* Activity: With the pictures left out, write out the records verbatim.

[Start of Attachment]

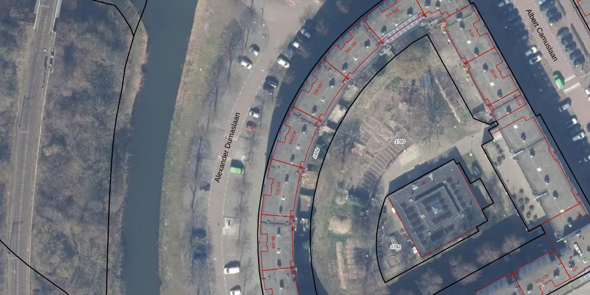 Het perceel waarop Alexander Dumaslaan 152 staat heeft een oppervlakte van 6425 m². Dit is een zeer groot perceel. De perceeloppervlakte wordt geregistreerd door het Kadaster. Gedetailleerde informatie over de maten van dit perceel kunt u vinden in het rapport Kadastrale kaart met maatvoering van Alexander Dumaslaan 152.
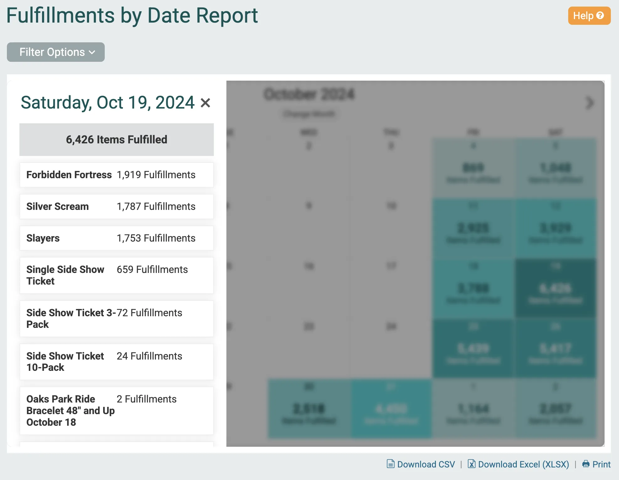 Clicking on a specific date reveals a breakdown of fulfillments by item. This allows organizers to analyze which products or experiences contributed to the day’s total. For example, a haunt can see how many guests checked in to each attraction per date, while a holiday light show can review fulfillment of add-ons like glow sticks.
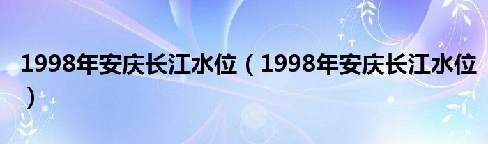 大家好,小安來為大家解答以上問題。1998年安慶長江水位,1998年安慶長江水位很多人還不知道,現在讓我們一起來看看吧!
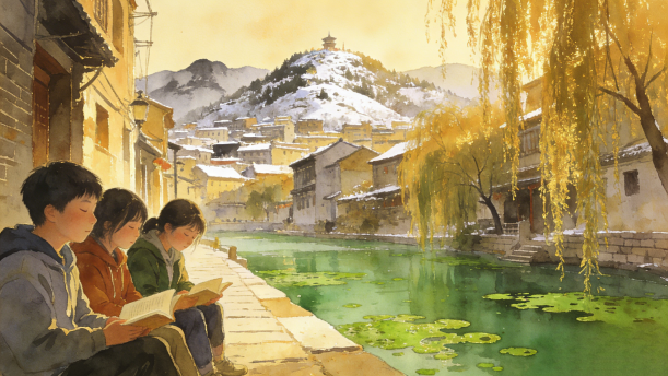 那水呢,不但不结冰,倒反在绿萍上冒着点热气,水藻真绿,把终年贮蓄的绿色全拿出来了。天儿越晴,水藻越绿,就凭这些绿的精神,水也不忍得冻上,况且那些长枝的垂柳还要在水里照个影儿呢!看吧,由澄清的河水慢慢往上看吧,空中,半空中,天上,自上而下全是那么清亮,那么蓝汪汪的,整个的是块空灵的蓝水晶。这块水晶里,包着红屋顶,黄草山,像地毯上的小团花的小灰色树影;这就是冬天的济南。
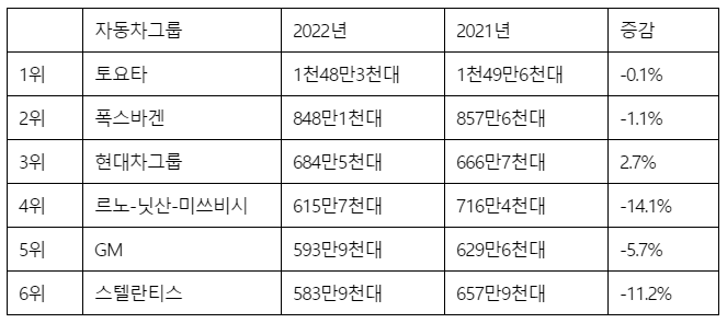 현대차그룹의 '빅3' 진입은 지난해가 처음으로, 2010년 포드를 제치고 5위를 차지한 후 12년 만에 이룬 쾌거다.
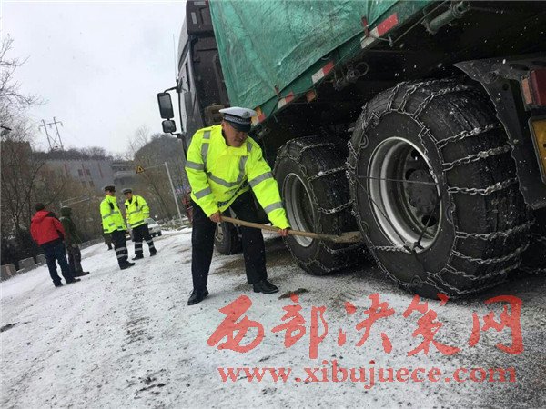 21日夜間,20余輛半掛車進山,行至冰雪路面無法前行,滯留在路邊,導(dǎo)致道路擁堵。為進一步加強路面管控,渭濱大隊迅速啟動《冰、雪、雨、霧自然災(zāi)害等特殊氣候條件下道路交通安全保障應(yīng)急處置預(yù)案》,從22日早上7點開始,對四軸以上半掛車進行交通管制。同時,渭濱交警大隊,鳳縣交警大隊黃牛埔中隊迅速聯(lián)系路政部門,對積雪路段采取拋灑融雪劑、防滑沙等措施。對部分滯留車輛大隊民警已第一時間趕赴現(xiàn)場進行疏導(dǎo),并送去了熱水和食品,并從秦嶺兩端。
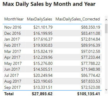 This table shows that the MaxDailySales for November 2016 is the same value as a single sale that occurred on November 17th. Yet, there are multiple sales on this day and every other day. The desired outcome is to calculate the total sales for each day and then determined the highest daily total value for each month.
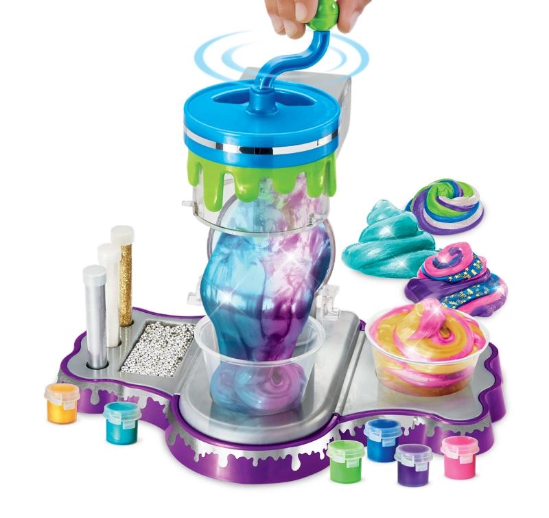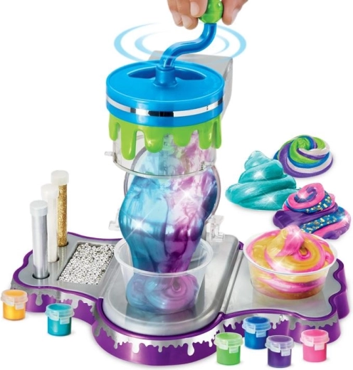 Voeg eenvoudig lijm, activator, kleurstoffen en glitter toe, draai vervolgens aan de slinger en zie hoe het slijm perfect wordt gemengd – zonder rommel en zonder batterijen.
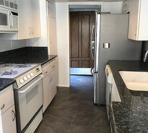 Turnkey and ready for you! 2 Spacious bedrooms located on opposite ends of the unit. New Carpet and freshly painted. Vaulted ceiling in living room with 8 ft sliding glass door that provides a really nice view and opens to a balcony. Living room has fireplace. It is open to the kitchen that features a breakfast bar and eating area. Kitchen comes with stainless steel 3 drawer refrigerator, gas stove, built in microwave, pantry and recessed lighting and granite countertops. Laundry room off entry way. 14X14 ceramic tiles. Carpet in bedrooms and living room. Master Suite offers private bathroom with large oval tub and dual sinks. 2 double door mirrored closets. Sliding glass door to balcony. Main bathroom has custom built shower with seat. Both bathrooms have granite countertops. Second bedroom also has sliding glass door to balcony. 2 closets, one double door mirrored and one put out door. All sliding glass doors have recently serviced and new screens. Balcony also has new carpet. Parking is gated and under structure. 2 parking spots come with unit, side by side. Building has new roof and newer elevator. The fireplace has floor to ceiling marble tiles and living room also features a wet bar. Kitchen pantry has pull out drawers.
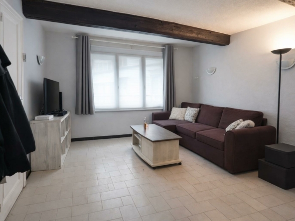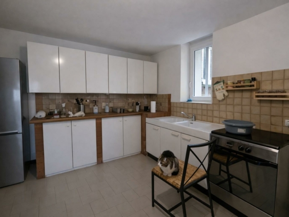Le logement dispose au rez-de-chaussée d’une pièce à vivre ouvrant sur une cuisine spacieuse, avec un accès à un wc et un débarras.
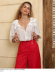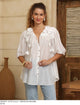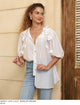 The Kara Flower Blouse in White, a playful piece adorned with beautiful floral details. Its delicate design adds a fresh, feminine touch to any outfit, perfect for days when you want to feel effortlessly charming.
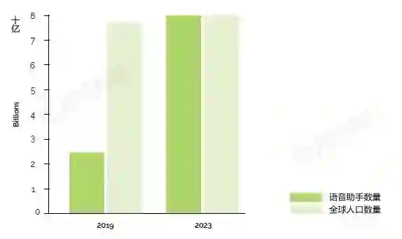 根据Juniper Research的数据,目前市面上已有25亿个语音助理存在。随着科技巨头争相加入竞争,越来越多家庭正在启用语音服务。在美国,家用智能音箱的总数2018年大幅增长78%,从6670万台增加至1.855亿台。亚马逊在这个市场的份额达到64.6%。Canalys预计,全球范围内智能音箱的装机量到2023年将增长至5亿台。

[End of Attachment]

* Answer section:
 Het perceel waarop Alexander Dumaslaan 152 staat heeft een oppervlakte van 6425 m². Dit is een zeer groot perceel. De perceeloppervlakte wordt geregistreerd door het Kadaster. Gedetailleerde informatie over de maten van dit perceel kunt u vinden in het rapport Kadastrale kaart met maatvoering van Alexander Dumaslaan 152.
 Clicking on a specific date reveals a breakdown of fulfillments by item. This allows organizers to analyze which products or experiences contributed to the day’s total. For example, a haunt can see how many guests checked in to each attraction per date, while a holiday light show can review fulfillment of add-ons like glow sticks.
 大家好,小安來為大家解答以上問題。1998年安慶長江水位,1998年安慶長江水位很多人還不知道,現在讓我們一起來看看吧!
 那水呢,不但不结冰,倒反在绿萍上冒着点热气,水藻真绿,把终年贮蓄的绿色全拿出来了。天儿越晴,水藻越绿,就凭这些绿的精神,水也不忍得冻上,况且那些长枝的垂柳还要在水里照个影儿呢!看吧,由澄清的河水慢慢往上看吧,空中,半空中,天上,自上而下全是那么清亮,那么蓝汪汪的,整个的是块空灵的蓝水晶。这块水晶里,包着红屋顶,黄草山,像地毯上的小团花的小灰色树影;这就是冬天的济南。
 현대차그룹의 '빅3' 진입은 지난해가 처음으로, 2010년 포드를 제치고 5위를 차지한 후 12년 만에 이룬 쾌거다.
 21日夜間,20余輛半掛車進山,行至冰雪路面無法前行,滯留在路邊,導(dǎo)致道路擁堵。為進一步加強路面管控,渭濱大隊迅速啟動《冰、雪、雨、霧自然災(zāi)害等特殊氣候條件下道路交通安全保障應(yīng)急處置預(yù)案》,從22日早上7點開始,對四軸以上半掛車進行交通管制。同時,渭濱交警大隊,鳳縣交警大隊黃牛埔中隊迅速聯(lián)系路政部門,對積雪路段采取拋灑融雪劑、防滑沙等措施。對部分滯留車輛大隊民警已第一時間趕赴現(xiàn)場進行疏導(dǎo),并送去了熱水和食品,并從秦嶺兩端。
 This table shows that the MaxDailySales for November 2016 is the same value as a single sale that occurred on November 17th. Yet, there are multiple sales on this day and every other day. The desired outcome is to calculate the total sales for each day and then determined the highest daily total value for each month.
 Voeg eenvoudig lijm, activator, kleurstoffen en glitter toe, draai vervolgens aan de slinger en zie hoe het slijm perfect wordt gemengd – zonder rommel en zonder batterijen.
 Turnkey and ready for you! 2 Spacious bedrooms located on opposite ends of the unit. New Carpet and freshly painted. Vaulted ceiling in living room with 8 ft sliding glass door that provides a really nice view and opens to a balcony. Living room has fireplace. It is open to the kitchen that features a breakfast bar and eating area. Kitchen comes with stainless steel 3 drawer refrigerator, gas stove, built in microwave, pantry and recessed lighting and granite countertops. Laundry room off entry way. 14X14 ceramic tiles. Carpet in bedrooms and living room. Master Suite offers private bathroom with large oval tub and dual sinks. 2 double door mirrored closets. Sliding glass door to balcony. Main bathroom has custom built shower with seat. Both bathrooms have granite countertops. Second bedroom also has sliding glass door to balcony. 2 closets, one double door mirrored and one put out door. All sliding glass doors have recently serviced and new screens. Balcony also has new carpet. Parking is gated and under structure. 2 parking spots come with unit, side by side. Building has new roof and newer elevator. The fireplace has floor to ceiling marble tiles and living room also features a wet bar. Kitchen pantry has pull out drawers.
Le logement dispose au rez-de-chaussée d’une pièce à vivre ouvrant sur une cuisine spacieuse, avec un accès à un wc et un débarras.
 The Kara Flower Blouse in White, a playful piece adorned with beautiful floral details. Its delicate design adds a fresh, feminine touch to any outfit, perfect for days when you want to feel effortlessly charming.
 根据Juniper Research的数据,目前市面上已有25亿个语音助理存在。随着科技巨头争相加入竞争,越来越多家庭正在启用语音服务。在美国,家用智能音箱的总数2018年大幅增长78%,从6670万台增加至1.855亿台。亚马逊在这个市场的份额达到64.6%。Canalys预计,全球范围内智能音箱的装机量到2023年将增长至5亿台。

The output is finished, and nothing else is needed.